You can see that in my blog’s Open Forum on the topic, where for example, Gwyneth Llewelyn observes, “I find it amusing but perhaps educational to see how freely people rip off MP3 or movies or applications or games, without thinking twice that they are effectively violating other people's copyrights... but in SL, they suddenly understand what ‘content piracy’ is all about!”

In coming months, Linden Lab promises to implement Creative Commons licensing, creation date watermarks, and other tools which enable Resident creators to make more plain which content they created, and when, and what compensation they expect in return, for its use. Perhaps those features will be enough to restore the confidence of those who felt most threatened by CopyBot; perhaps by then, for one reason or another, it won’t matter.

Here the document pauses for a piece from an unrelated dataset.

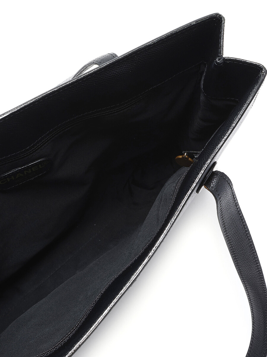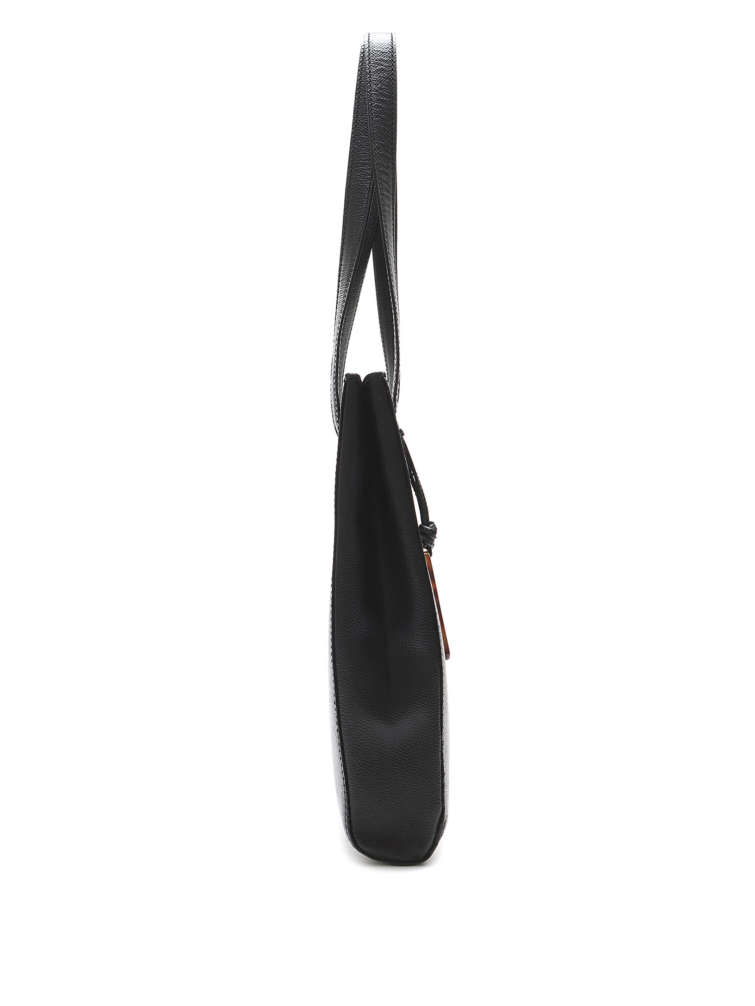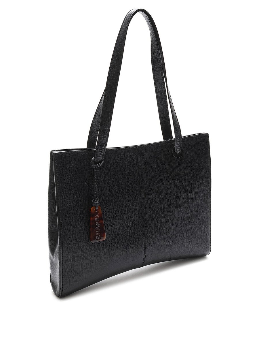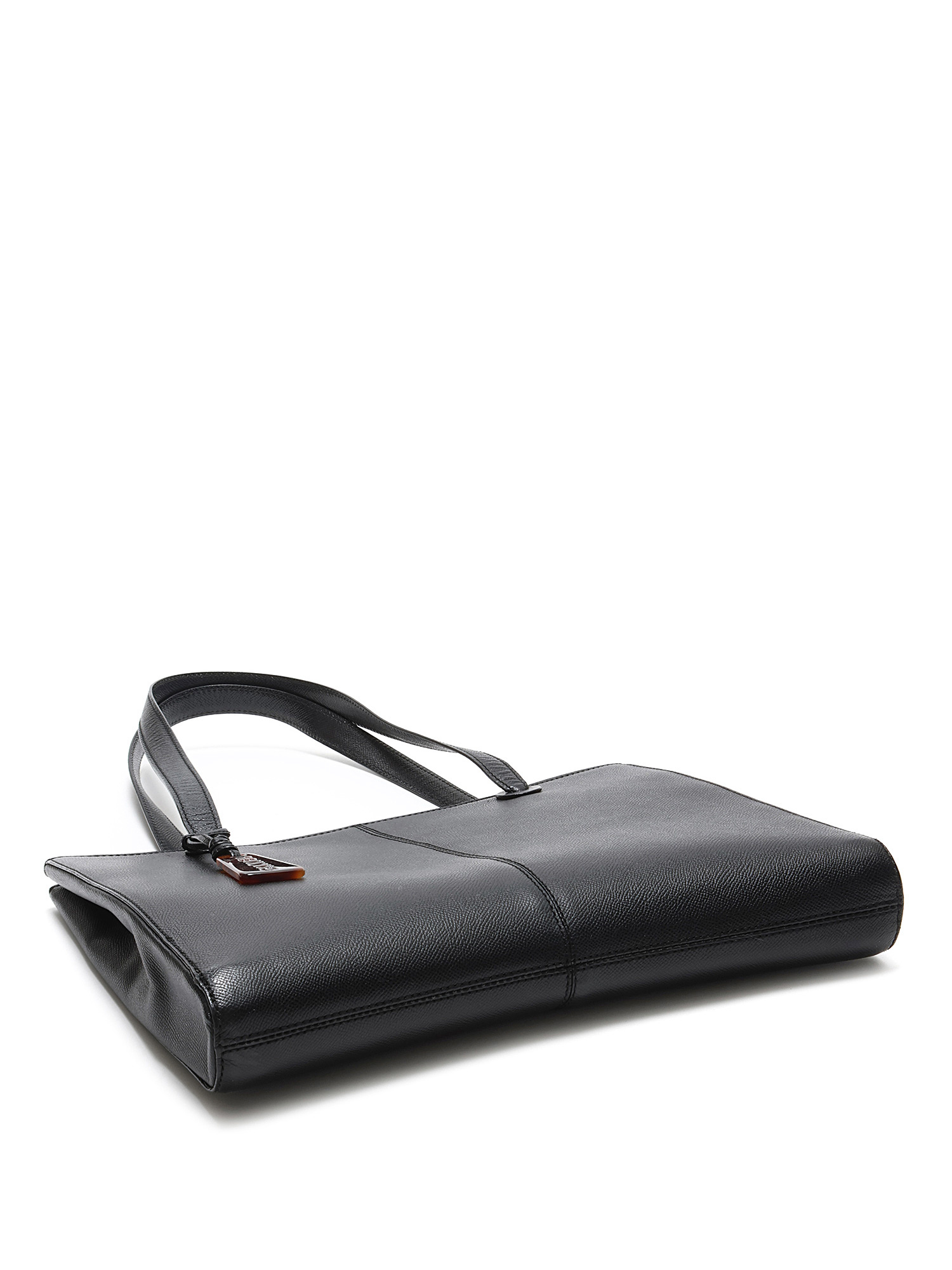 Timeless black textured leather classic tote bag. Magnetic closure. Leather handles with gold-tone hardware. Tortoiseshell acetate logo charm.

As for libsecondlife, a group widely admired for its hacking skills, they are now anathema with many who depend on the creation of SL fashion and other content for their livelihood. “Some are just plain scared,” LibSL member Baba Yamamoto tells me. “Some hate us… we've had people leave the group because of the reaction their friends had… we've been banned outright from what sounds like half of Second Life, if you believe the forums.”

But Baba still sees a positive outcome in all this.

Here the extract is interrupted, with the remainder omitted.